In conclusion, simplifying complex numbers is an essential operation in mathematics. We have provided a Q&A guide to help you understand the concept of simplifying complex numbers better. By following the order of operations and combining the real and imaginary parts correctly, you can simplify complex numbers and arrive at the correct answer.

Frequently Asked Questions

Q: What is the difference between real and imaginary parts? A: The real part of a complex number is the part that is not multiplied by the imaginary unit ${$ i$}$. The imaginary part of a complex number is the part that is multiplied by the imaginary unit ${$ i$}$.
Q: How do I simplify complex numbers?
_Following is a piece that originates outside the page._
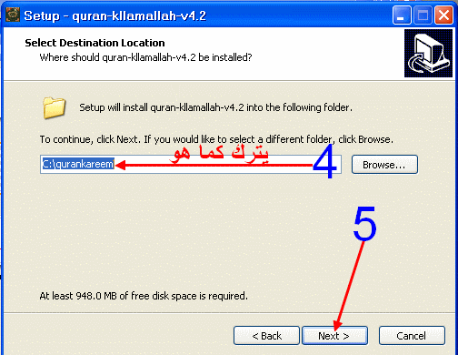 جزاكم الله عنا خير الجزاء اختنا الكريمه وجزى الله شيخنا الكريم ابو جبريل كل خير اما بخصوص الاصدار الرابع هل قمت بتحميل الاصوات وما هي الاصوات التي قمتي بتحميلها ؟؟ فهناك اصوات تحتاج مثل الشيخ محمد المحيسني والشيخ المنشاوي معلم بحاجة لتحديد الخيار mp3 الموجود اسفل البرنامج اذا قمتي بتحديثه ؟؟ السؤال الاهم هل سورة الفاتحة تعمل عند اختيارك لأي مقرئ كتجربة ارجو فحص اكثر من مقرئ للتأكد ؟؟ والسؤال الاخر اذا كانت سورة الفاتحة تعمل في البرنامج فالامر ان شاء الله بسيط وهو عدم تنصيب ملفات الصوت في محلها لهذا يجب عليك اتباع الصورة التاليه ![]() هذه الصورة كمثال على تثبيت الملفات في التحديث للإتجاه الصحيح فقد يكون اثناء فتح ملف الصوت قمتم بتغير المسار بالخطأ لهذا ارجو مرة اخرى فتح ملف الصوت لمقرئ متوفر لديكم وقبل الضغط على كلمة تثبيت ارجو التأكد من المسار الصحيح من خلال فتح القائمة المنسدله المشار اليها في الصورة السابقة برقم 1 واذا كان هناك أكثر من مسار ارجو اختيار المسار الأول ثم نضغط كلمة تثبيت ونرجع للبرنامج ونختار تلاوة الشيخ الذي قمنا بتثبيت ملفاته وإن شاء الله التلاوة تعمل بشكل جيد وفي حال لم يفلح اي من السابق ارجو اعادة تسطيب البرنامج بالكامل من خلال حذف البرنامج بالكامل ثم اعادة تنزيله من جديد دون تغير مسار نزوله ولضمان تشغيل البرنامج بالشكل الصحيح ودون مشاكل نترك البرنامج ينزل على القرص c: كمثال الصور التالية ![]() ![]() ![]() ![]() ![]() ![]() ![]() ![]() ![]() ![]() ![]() ![]() ![]() وبعد ذلك ان شاء الله نقوم بتسطيب الاصوات دون تغير مسارهم وارجو افادتنا بالجديد |
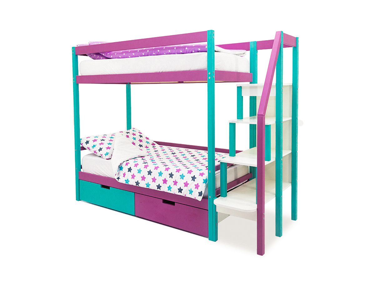 Двухъярусная кровать Svogen с ящиками мятный-лаванда

A: To simplify a complex number, you need to follow the order of operations (PEMDAS):
1. Parentheses: Evaluate the expressions inside the parentheses.
2. Exponents: Evaluate any exponents (none in this case).
3. Multiplication and Division: Evaluate any multiplication and division operations from left to right.
4. Addition and Subtraction: Finally, evaluate any addition and subtraction operations from left to right.
Q: What is the final answer? A: The final answer is ${ $2+5i\$}$ , which is the correct answer among the given options.

Common Mistakes

Mistake 1: Not following the order of operations correctly.
Mistake 2: Not combining the real and imaginary parts correctly.
Mistake 3: Not simplifying the real and imaginary parts correctly.

Conclusion

In conclusion, simplifying complex numbers is an essential operation in mathematics. By following the order of operations and combining the real and imaginary parts correctly, you can simplify complex numbers and arrive at the correct answer.